Adaptation de la prononciation pour la synthèse de la parole spontanée en utilisant des informations linguistiques (Pronunciation adaptation for spontaneous speech synthesis using linguistic information)
Raheel Qader | Gwénolé Lecorvé | Damien Lolive | Pascale Sébillot
Actes de la conférence conjointe JEP-TALN-RECITAL 2016. volume 1 : JEP

Cet article présente une nouvelle méthode d’adaptation de la prononciation dont le but est de reproduire le style spontané. Il s’agit d’une tâche-clé en synthèse de la parole car elle permet d’apporter de l’expressivité aux signaux produits, ouvrant ainsi la voie à de nouvelles applications. La force de la méthode proposée est de ne s’appuyer que sur des informations linguistiques et de considérer un cadre probabiliste pour ce faire, précisément les champs aléatoires conditionnels.

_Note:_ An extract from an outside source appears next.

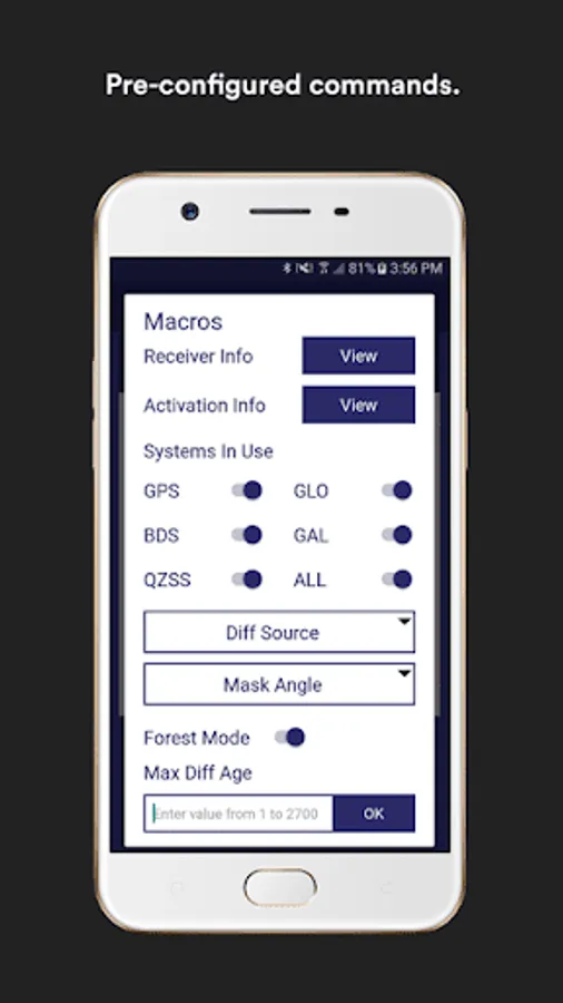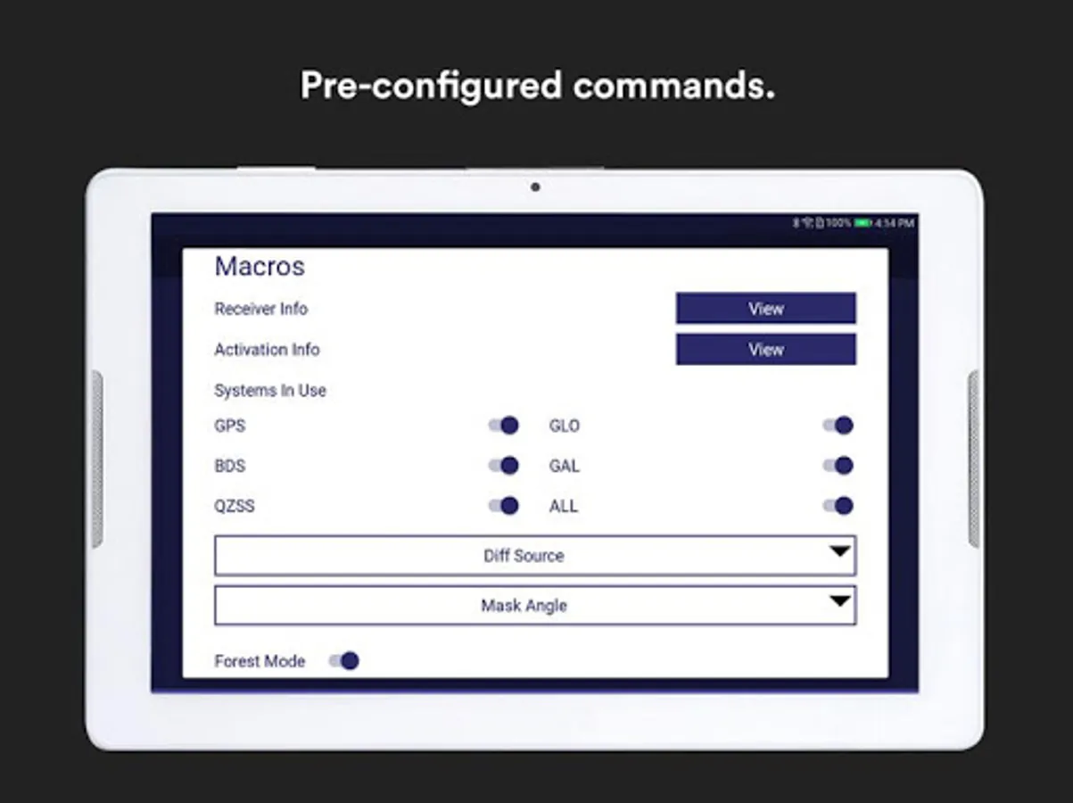 - Easy to use one touch previously configured commands to communicate directly with GNSS Bluetooth device.

Dans cet article, nous étudions tout d’abord la pertinence d’un ensemble d’informations pour l’adaptation, puis nous combinons les informations les plus pertinentes lors d’expériences finales. Les évaluations de la méthode sur un corpus de parole conversationnelle en anglais montrent que les prononciations adaptées reflètent significativement mieux un style spontané que les prononciations canoniques.